PRIX EH DITES DONC ! 2018

Voici déjà la 3e édition de ce concours de nouvelles, organisé sous l’impulsion provinciale, en partenariat avec les éditions Memory, reprises en janvier 2018 par Thierry Lefèvre et Zohra Barkat, installés à Ste-Ode.

La nouvelle de fiction est le lieu de tous les possibles. Dans cet exercice d’écriture, chacun aura pu trouver en lui des ressources créatives ; solliciter son imaginaire pour créer un univers et raconter une histoire ; conduire des personnages vers l’aventure, vers leur fin, vers des joies quotidiennes… ou extraordinaires.

Cette année, il fallait donner à votre nouvelle un titre évoquant une expression de langue française.

Sacré défi que vous avez relevé haut la main.
Vous m’avez expressionné ! C’était peut-être la mer à boire pour certains d’entre vous, mais vous n’avez pas lésiné sur les moyens et avez pris le taureau par les cornes pour faire couler beaucoup d’encre. Et le résultat est là : vous voici désormais fiers comme des paons, mais je ne vous en jette pas la pierre : un travail de longue haleine s’achève ; on voit aujourd’hui le bout du tunnel… Alors, au diable les abonnés absents… et haut les cœurs !

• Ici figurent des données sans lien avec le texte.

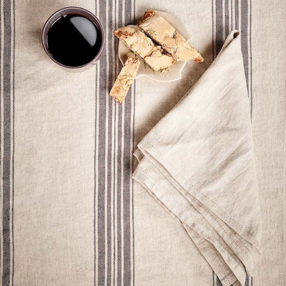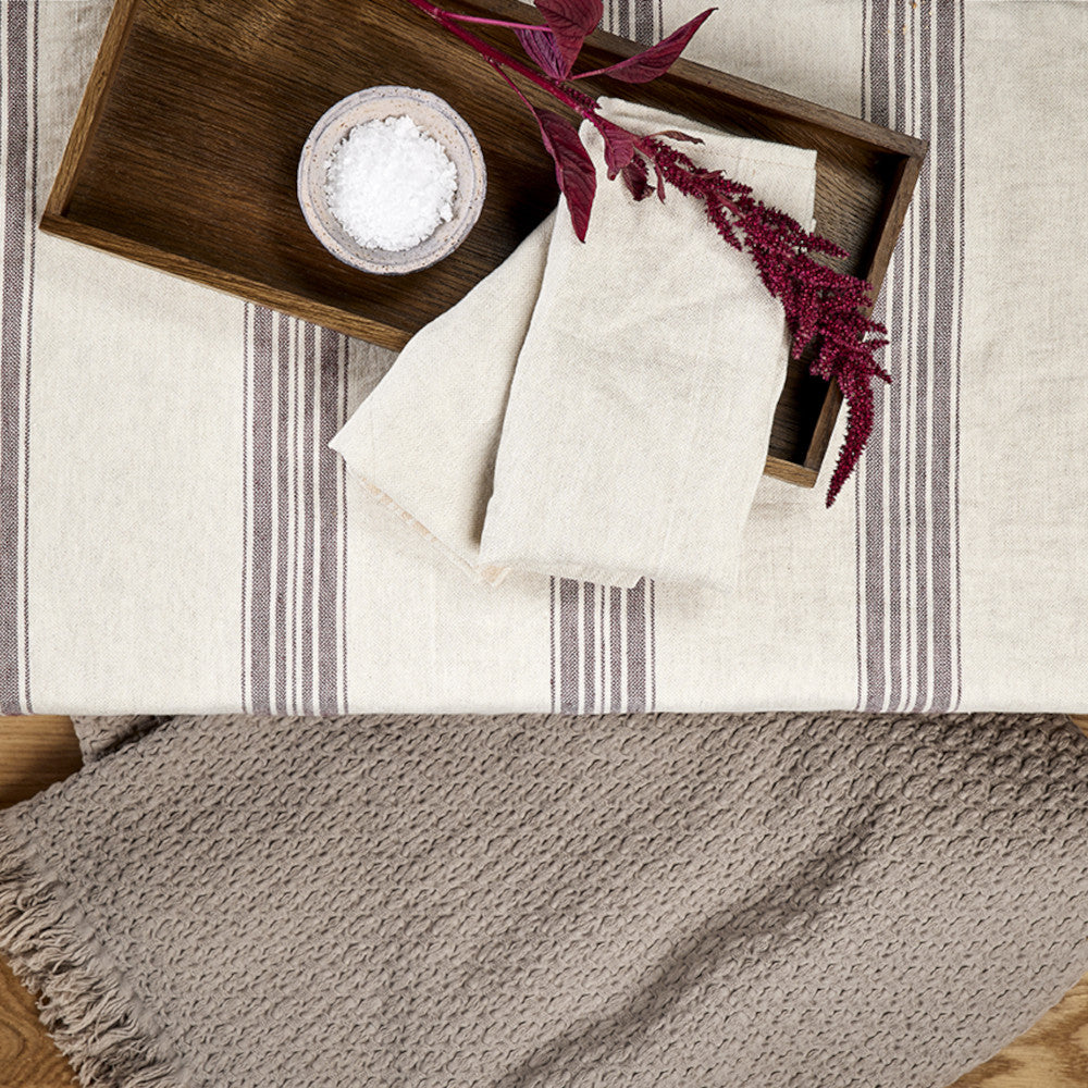 ARLES fremstår som en subtil form for luksus, skapt gjennom den utsøkte kombinasjonen av lin og bomull. Den rustikke teksturen fra linet og de diskrete stripene spiller sammen og gir duken et klassisk og avslappet uttrykk.

Le concours « Eh dites donc ! », c’est une chance, aussi. Il permet, à vous tous, qui êtes élèves dans une école de la province, d’effleurer le statut d’auteur publié. Dans la vraie vie, une publication chez un éditeur est le fruit d’un bien plus périlleux chemin. Les éditions Memory pourront en témoigner. Le temps est long pour trouver un éditeur. La tâche ardue. L’espoir menu. Ici, pourtant, en moins de 4 mois, vos textes ont été lus, analysés, sélectionnés et édités.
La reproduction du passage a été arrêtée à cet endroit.